Where Will Humans Be When Halley's Comet Passes by in 2062?
Today is the 30th anniversary of the 1986 visit by Halley's comet.
Today marks the 30th anniversary of the last time we could see with our naked eyes Halley’s comet from Earth. That means there are 46 years before this giant snowball passes by our planet again. But where will humans be in the year 2062?
Many of us will be retired — but probably not in Miami, which may be well on its way to a watery death in that giant, growing puddle we call the Atlantic Ocean. Some of us will be dead, or cryogenically frozen like baseball player Ted Williams, whose head and body are floating in two pieces in a vat of liquid nitrogen in Scottsdale, Arizona. In that case, it might be important to note in your will what it’ll take to wake you up, because maybe a comet that flies by Earth every 76 years won’t be as cool then as it seems now.

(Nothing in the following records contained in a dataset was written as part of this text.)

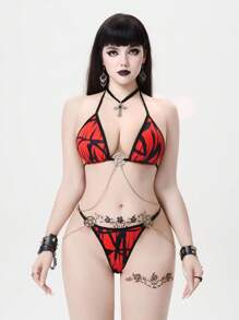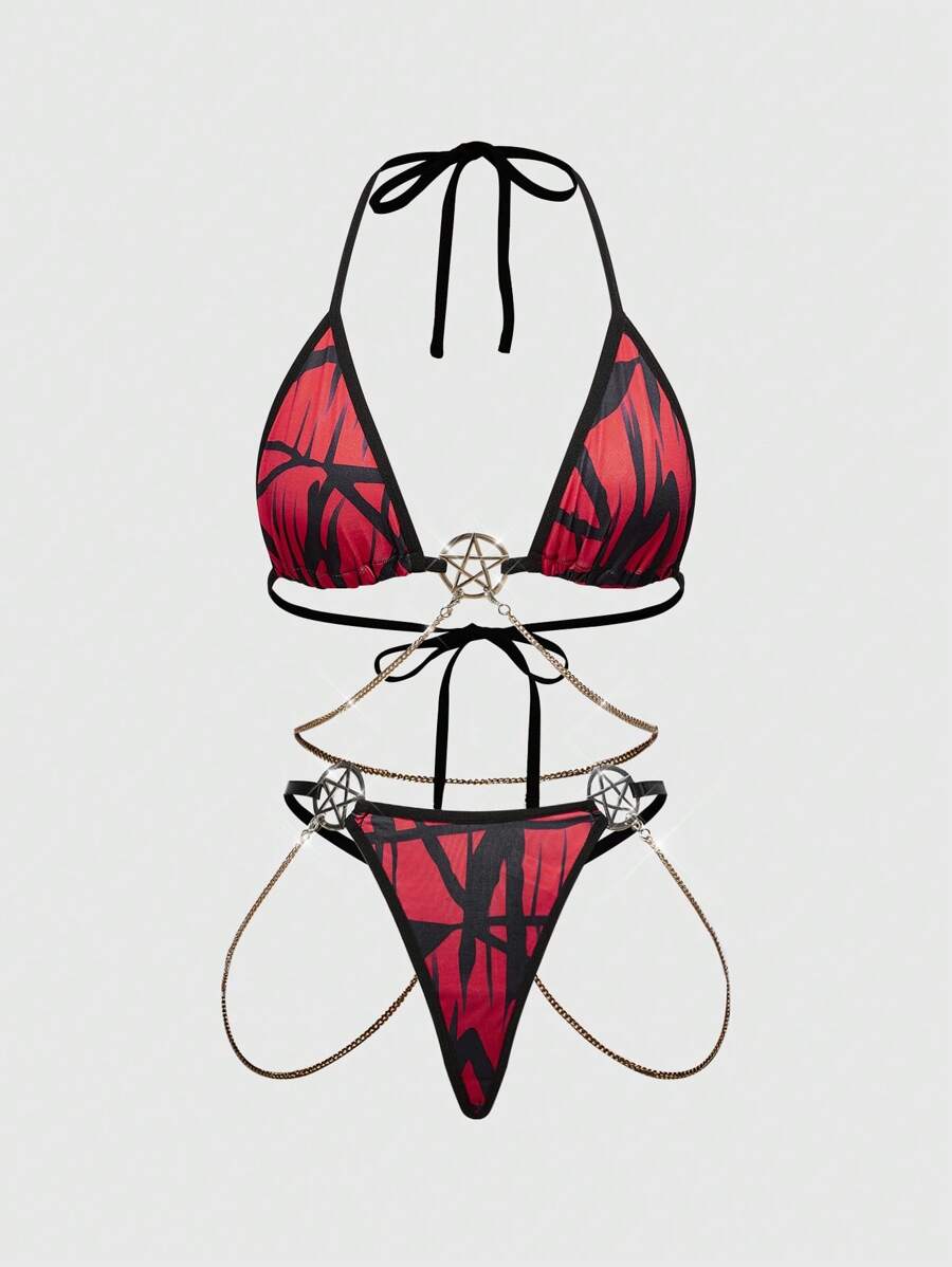 Grunge Punk Gothic Hexagram Metal Ring Chain Triangle Bra Set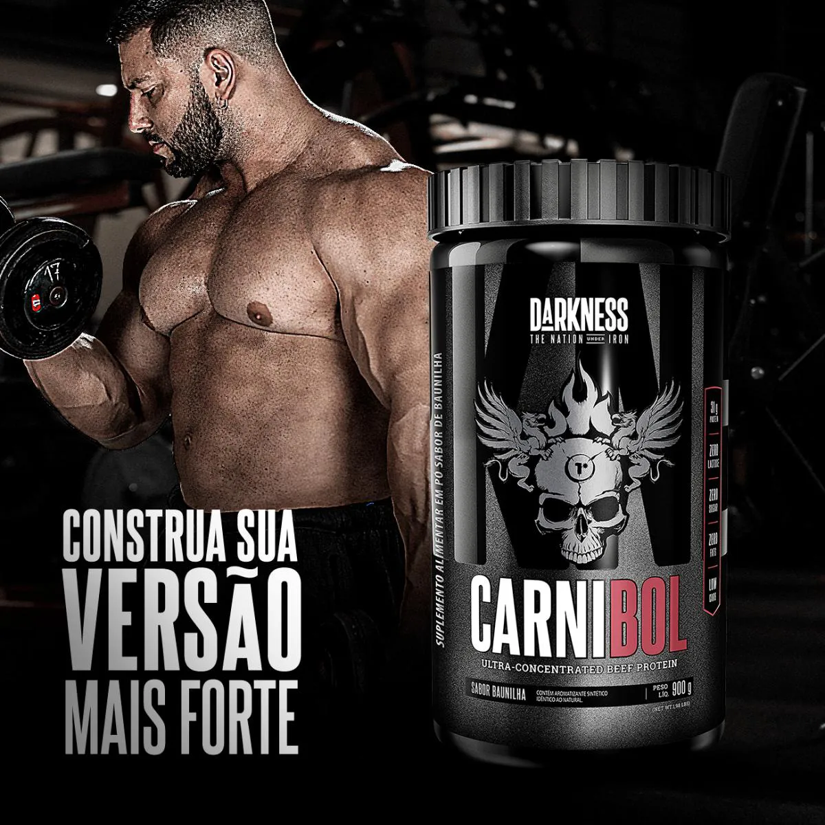 Ganhos insanos de força e massa muscular com o suplemento Carnibol da Darkness. Sua fórmula traz um blend exclusivo de proteína isolada de carne bovina da melhor qualidade e peptídeos de colágeno (ProMyoBlend®), com um excelente aporte nutricional aos monstros de verdade que buscam crescimento.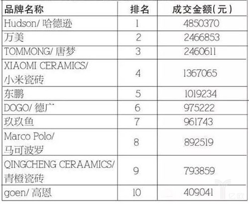 2015年天貓雙十一瓷磚類目排名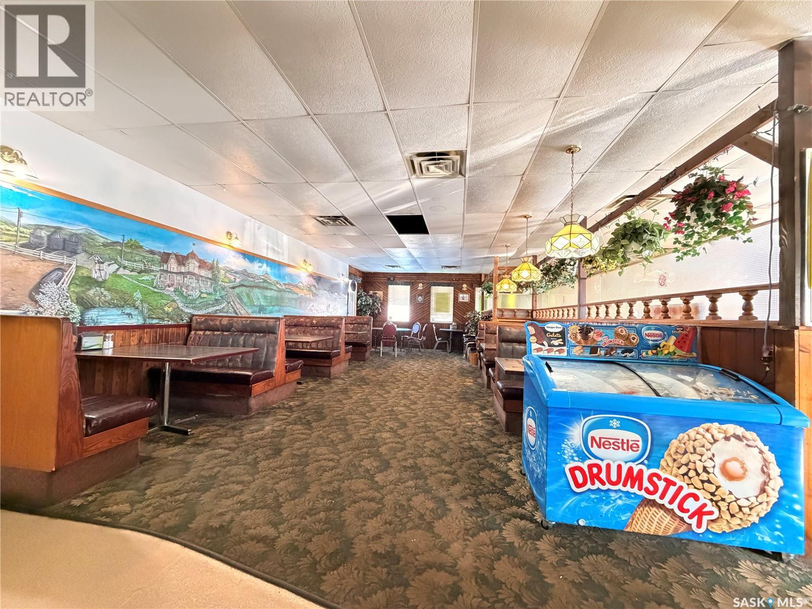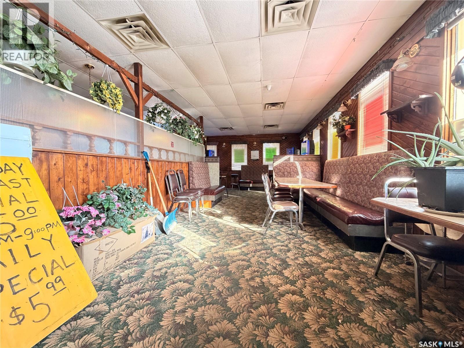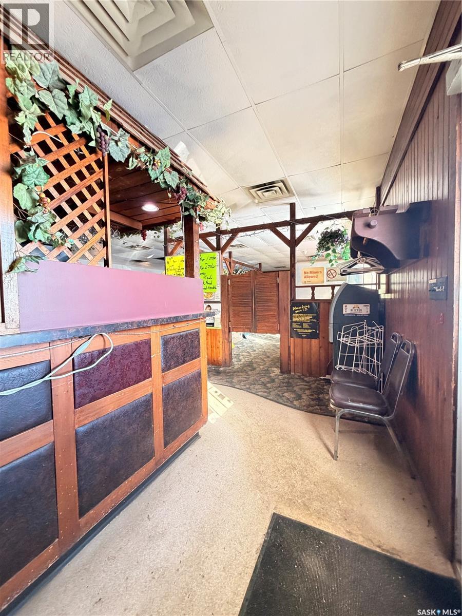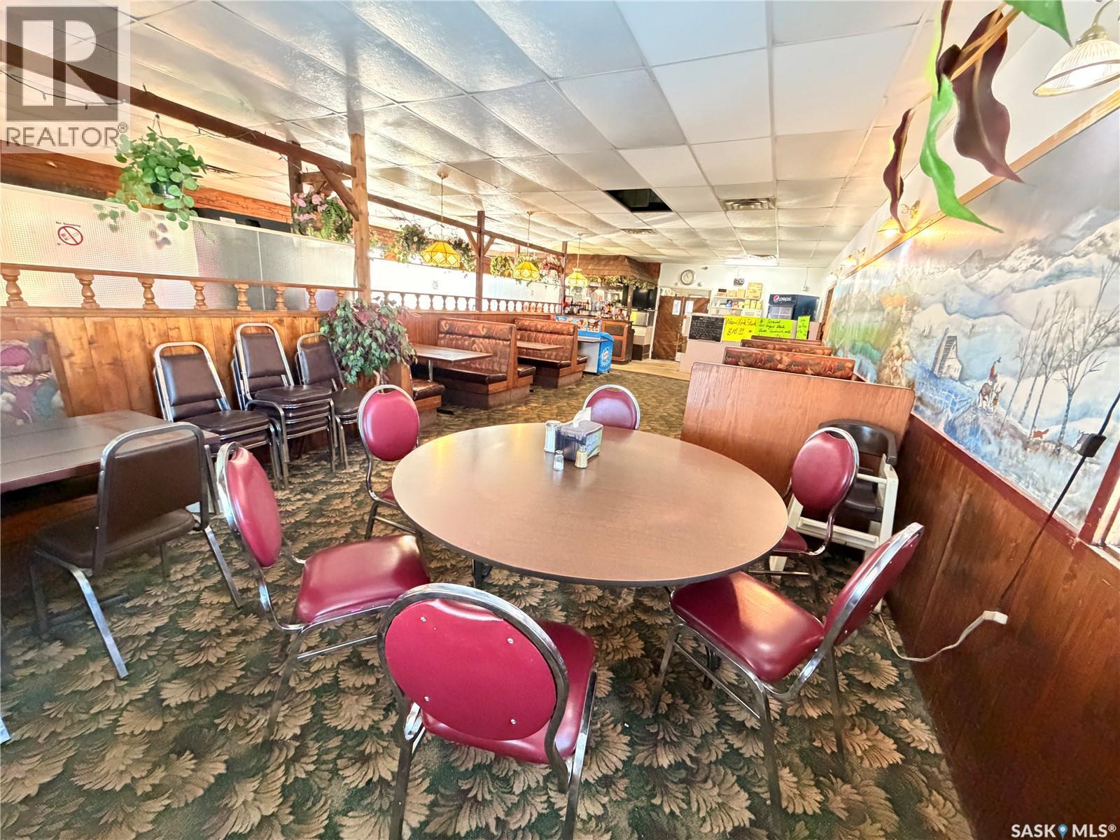 Priced for a quick sale! Long Standing restaurant, bar, and banquet facility located in the heart of Assiniboia, offering approximately 140 seats. The restaurant is ideally located along Highway 2, offering excellent visibility and convenient access for both local and highway traffic This well-known community establishment features a valid liquor license and a dedicated games room with four VLT machines (new owners will be required to obtain both permits from Saskatchewan Liquor and Gaming Authority). Major updates include a roof replacement in recent years, along with newer air conditioning and furnace systems for improved efficiency and comfort. The property is offered as an asset sale and sold in “as-is” condition, with all existing machinery, equipment, and chattels currently on site included in the purchase price. This is an excellent opportunity to acquire a fully equipped hospitality business with strong local presence and potential for growth. (id:44393)
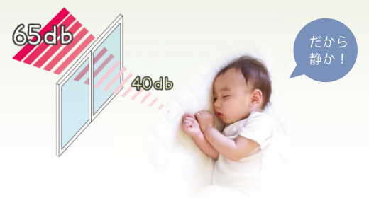 約25dbの音をカットし、住宅の中で音洩れしやすい窓を強化、安らぎの場である室内空間を守ります。
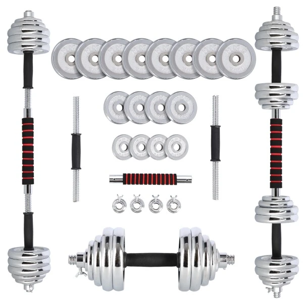 Činky jsou vyrobeny z vysoce kvalitní, chromované oceli, která je zárukou dlouhé životnosti. Kotouče se proti posunutí zajišťují šroubovacími zámky, které jsou dodatečně jištěny šroubem s křídlovou matkou.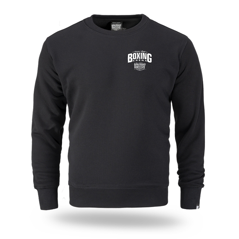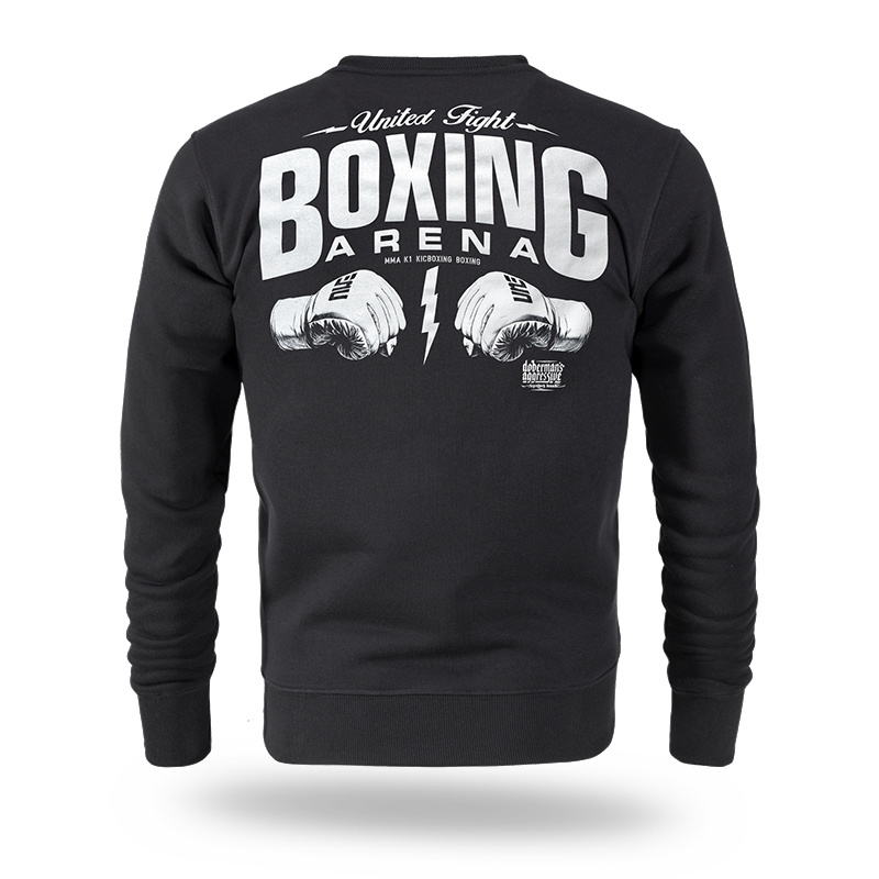 Model with a sporty graphic print on the back, depicting clenched MMA gloves and the inscription “Boxing Arena”. In the background, there are smaller inscriptions: MMA, K1, KICKBOXING, BOXING. A smaller print referring to the main motif is placed on the chest. Comfortable cut made from high-quality cotton. Model designed for combat sports practitioners.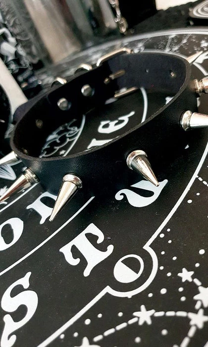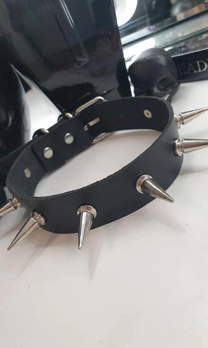 This fierce choker is the ultimate accessory to add some attitude to your everyday look! It features large metal spikes, vegan leather and a buckle closure.

Ah, 30 years seems like yesterday. The year 1986 welcomed an international armada of space probes from Russia, Japan, and Europe all hoping to meet up and get to know Halley’s Comet. The spacecraft Giotto, named after the Italian painter Giotto di Bondone who painted the comet’s portrait back in 1301, flew closest to Halley’s Comet and basked in her halo of space dust.
If things go according to plan, NASA will have sent humans to Mars and the Moon on Orion by 2023. As NASA would have it, this would be old news, because human strolls into deep space would have been happening annually for four decades by 2062.
Another thing NASA hopes will happen: Our Asteroid Redirect Mission, which involves some Hulk-like robotic spacecraft ripping a four-meter chunk out of an unsuspecting asteroid just passing by Earth and hurling its hand full of asteroid meat into lunar orbit, will have gone off without a hitch.
Again, we hope this will happen some time in the ‘20s so we can hurry up and mine that chunk of asteroid for water to use to propel ourselves out into more space to find more asteroids that we can mine for water to go further and further, flinging giant space objects from one orbit to the next.
Maybe we’ll be able to grab a piece of that famous little Halley while we have the chance.